A la base du contentieux soumis à la Cour de cassation, une société titulaire de deux baux commerciaux est placée en liquidation judiciaire, et le fonds de commerce exploité cédé à une société cessionnaire elle-même placée en liquidation judiciaire.

Le bailleur a porté à la connaissance du liquidateur une créance de loyers impayés échus depuis l’ouverture de la procédure collective du locataire en place.

Le liquidateur a ensuite assigné le bailleur en nullité de deux saisies conservatoires pratiquées à son bénéfice et de quatre virements intervenus à son profit entre la date de cessation des paiements, et celle du jugement d’ouverture  de la procédure collective, et a demandé la condamnation du bailleur au paiement des sommes payées au cours de la période suspecte, avant de résilier les deux baux commerciaux.

En réplique, le bailleur a sollicité, dans l’hypothèse d’une annulation des opérations litigieuses, qu’une compensation soit opéré entre la dette de restitution et sa créance de loyers postérieure à l’ouverture de la liquidation judiciaire de la société débitrice.

Echec en cause d’appel du bailleur, qui se pourvoit en cassation.

Question posée à la Haute Cour : Peut-il y avoir compensation entre la dette de restitution du bailleur contractée au cours de la période suspecte après annulation de paiements effectués pendant cette période, ou du point de vue du débiteur entre sa créance de restitution, et la créance du bailleur au titre de loyers échus après le jugement d’ouverture ?

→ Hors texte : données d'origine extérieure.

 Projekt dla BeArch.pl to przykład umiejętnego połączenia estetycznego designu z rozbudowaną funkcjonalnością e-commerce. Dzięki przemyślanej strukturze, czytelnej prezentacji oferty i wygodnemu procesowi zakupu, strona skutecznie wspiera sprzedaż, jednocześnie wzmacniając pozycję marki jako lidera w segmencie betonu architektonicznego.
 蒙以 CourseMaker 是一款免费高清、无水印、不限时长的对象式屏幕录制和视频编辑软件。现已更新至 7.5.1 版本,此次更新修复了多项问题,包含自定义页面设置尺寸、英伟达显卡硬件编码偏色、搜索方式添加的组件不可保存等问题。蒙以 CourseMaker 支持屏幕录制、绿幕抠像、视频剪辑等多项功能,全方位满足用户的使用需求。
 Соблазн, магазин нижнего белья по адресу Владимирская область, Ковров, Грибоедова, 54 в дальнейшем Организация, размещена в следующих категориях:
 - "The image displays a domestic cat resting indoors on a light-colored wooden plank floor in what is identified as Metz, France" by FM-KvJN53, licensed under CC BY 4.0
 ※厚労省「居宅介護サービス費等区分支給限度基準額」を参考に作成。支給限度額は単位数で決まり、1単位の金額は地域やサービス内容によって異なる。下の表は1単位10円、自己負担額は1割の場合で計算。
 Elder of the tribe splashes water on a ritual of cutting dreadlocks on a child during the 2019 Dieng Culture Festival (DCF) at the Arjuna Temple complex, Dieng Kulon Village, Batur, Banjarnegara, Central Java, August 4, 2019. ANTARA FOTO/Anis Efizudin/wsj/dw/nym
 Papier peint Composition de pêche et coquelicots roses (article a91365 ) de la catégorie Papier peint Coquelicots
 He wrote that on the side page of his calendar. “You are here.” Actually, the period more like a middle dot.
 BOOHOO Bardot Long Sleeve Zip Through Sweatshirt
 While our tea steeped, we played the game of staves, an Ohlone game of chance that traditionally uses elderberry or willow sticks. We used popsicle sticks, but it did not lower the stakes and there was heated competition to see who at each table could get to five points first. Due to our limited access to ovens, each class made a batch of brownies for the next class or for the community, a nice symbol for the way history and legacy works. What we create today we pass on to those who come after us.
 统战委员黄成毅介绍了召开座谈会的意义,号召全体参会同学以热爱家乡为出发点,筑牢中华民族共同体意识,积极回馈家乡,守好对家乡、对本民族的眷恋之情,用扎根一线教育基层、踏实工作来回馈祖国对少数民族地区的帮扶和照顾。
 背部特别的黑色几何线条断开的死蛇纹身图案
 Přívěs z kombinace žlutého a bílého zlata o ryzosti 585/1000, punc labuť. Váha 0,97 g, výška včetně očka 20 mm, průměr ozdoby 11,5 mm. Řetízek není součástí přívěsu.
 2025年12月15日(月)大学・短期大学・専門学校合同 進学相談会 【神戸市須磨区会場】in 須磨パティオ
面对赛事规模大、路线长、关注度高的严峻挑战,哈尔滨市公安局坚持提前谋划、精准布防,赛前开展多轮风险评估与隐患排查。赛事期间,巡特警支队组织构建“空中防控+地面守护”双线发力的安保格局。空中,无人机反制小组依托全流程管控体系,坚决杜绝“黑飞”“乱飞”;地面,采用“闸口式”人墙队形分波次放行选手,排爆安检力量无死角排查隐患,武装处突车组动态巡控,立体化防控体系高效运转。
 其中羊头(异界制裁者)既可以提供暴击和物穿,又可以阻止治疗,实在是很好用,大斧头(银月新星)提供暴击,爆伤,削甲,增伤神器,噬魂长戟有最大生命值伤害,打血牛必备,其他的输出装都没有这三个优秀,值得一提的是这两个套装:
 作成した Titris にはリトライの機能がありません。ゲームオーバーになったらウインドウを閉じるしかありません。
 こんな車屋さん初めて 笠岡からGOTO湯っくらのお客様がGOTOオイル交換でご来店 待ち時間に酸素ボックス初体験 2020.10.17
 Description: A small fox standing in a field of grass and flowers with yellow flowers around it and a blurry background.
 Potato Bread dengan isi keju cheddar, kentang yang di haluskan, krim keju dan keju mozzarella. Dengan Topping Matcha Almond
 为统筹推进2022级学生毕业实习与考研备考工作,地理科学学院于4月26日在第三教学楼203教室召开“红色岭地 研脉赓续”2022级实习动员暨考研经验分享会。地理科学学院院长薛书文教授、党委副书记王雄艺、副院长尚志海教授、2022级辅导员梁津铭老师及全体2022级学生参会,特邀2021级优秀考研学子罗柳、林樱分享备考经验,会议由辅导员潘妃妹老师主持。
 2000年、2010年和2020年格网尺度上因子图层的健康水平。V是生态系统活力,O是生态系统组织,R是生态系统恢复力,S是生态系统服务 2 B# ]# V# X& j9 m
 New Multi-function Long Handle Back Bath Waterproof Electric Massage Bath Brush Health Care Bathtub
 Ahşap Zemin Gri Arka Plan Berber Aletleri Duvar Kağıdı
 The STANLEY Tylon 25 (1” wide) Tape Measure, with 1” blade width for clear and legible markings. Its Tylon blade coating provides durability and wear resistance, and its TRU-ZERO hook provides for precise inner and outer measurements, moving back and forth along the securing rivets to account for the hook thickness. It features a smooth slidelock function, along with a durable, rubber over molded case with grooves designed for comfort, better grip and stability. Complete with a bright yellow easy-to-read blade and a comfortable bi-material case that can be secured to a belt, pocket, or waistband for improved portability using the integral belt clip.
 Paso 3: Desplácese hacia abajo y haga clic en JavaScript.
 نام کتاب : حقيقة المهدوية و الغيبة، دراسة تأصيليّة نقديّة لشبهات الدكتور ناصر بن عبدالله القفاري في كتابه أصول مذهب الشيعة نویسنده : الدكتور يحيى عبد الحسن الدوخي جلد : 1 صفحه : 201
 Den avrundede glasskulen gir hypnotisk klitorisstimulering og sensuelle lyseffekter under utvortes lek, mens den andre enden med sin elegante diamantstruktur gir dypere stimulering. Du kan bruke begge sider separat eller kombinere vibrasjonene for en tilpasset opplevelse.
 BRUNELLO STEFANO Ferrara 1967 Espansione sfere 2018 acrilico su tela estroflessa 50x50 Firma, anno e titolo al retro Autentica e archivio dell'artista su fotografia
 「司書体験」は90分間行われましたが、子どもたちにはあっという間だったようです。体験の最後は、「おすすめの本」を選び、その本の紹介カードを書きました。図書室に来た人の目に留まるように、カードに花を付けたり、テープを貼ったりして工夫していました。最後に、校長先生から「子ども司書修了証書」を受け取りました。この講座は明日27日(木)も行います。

Réponse : non ! La Chambre commerciale juge que la nullité des paiements pour dettes échues effectués à compter de la cessation des paiements, qui peut être prononcée en application de l’article L.632-2 du Code de commerce, si ceux qui ont traité avec le débiteur connaissaient sa cessation de paiements, a pour finalité, selon l’article L.632-4 du même Code, de reconstituer l’actif du débiteur dans l’intérêt collectif des créanciers.

La jurisprudence est constante : toute compensation est exclue entre la dette de restitution consécutive à l’annulation d’une opération contractée après la date de cessation des paiements, et une créance admise au passif du débiteur[1].

Dans l’espèce commentée, la créance du bailleur est postérieure au jugement d’ouverture (alors qu’il s’agissait dans l’arrêt du 13 avril 2022 d’une créance antérieure déclarée et admise au passif).

L’arrêt commenté précise que la créance de restitution est dite  « indisponible ». C’est cette indisponibilité qui permet aux sommes recouvrées de réintégrer le patrimoine du débiteur afin de permettre le traitement collectif et égalitaire de tous les créanciers, selon les règles classiques de répartition.